The Game Boy Camera, released in 1998, wasn't even close to the weirdest peripheral for Nintendo's classic handheld console and even earned a Guinness World Record for the smallest digital camera in the world. Its 2-bit, 128 x 128 pixel CMOS sensor managed very grainy black-and-white shots, making it far more fun than technically impressive. And yet, a Dutch researcher and tinkerer just used one to catch some charmingly blocky photos of the moon and Jupiter.

Astrogphrapher Alexander Pietrow used a universal cell phone mount to strap one of the 19-year-old monochrome workhorses to an appropriately old telescope (built in 1838) in Leiden University's Old Observatory and aimed at at the stellar bodies.

The resulting photos are barely detailed -- Jupiter is half a dozen pixels wide -- but they're blocky in a charming throwback to the original Game Boy's 8-bit graphical style.
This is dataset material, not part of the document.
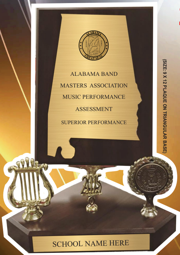
(SIZE: 9 X 12 PLAQUE ON TRIANGULAR BASE)

Pietrow even managed to pick out three of the gas giant's moons, singular pixels in a field of star dots. (Note that the image below has been blown up 400 percent to make it visible, since the Game Boy Camera takes photos at a whopping 112 x 128 pixel resolution.)

Maybe it doesn't do much for astronomy as a field, but it's a lovely reminder that space still fascinates at any resolution -- that we still find meaning when stretching for the cosmos with the crudest of tools.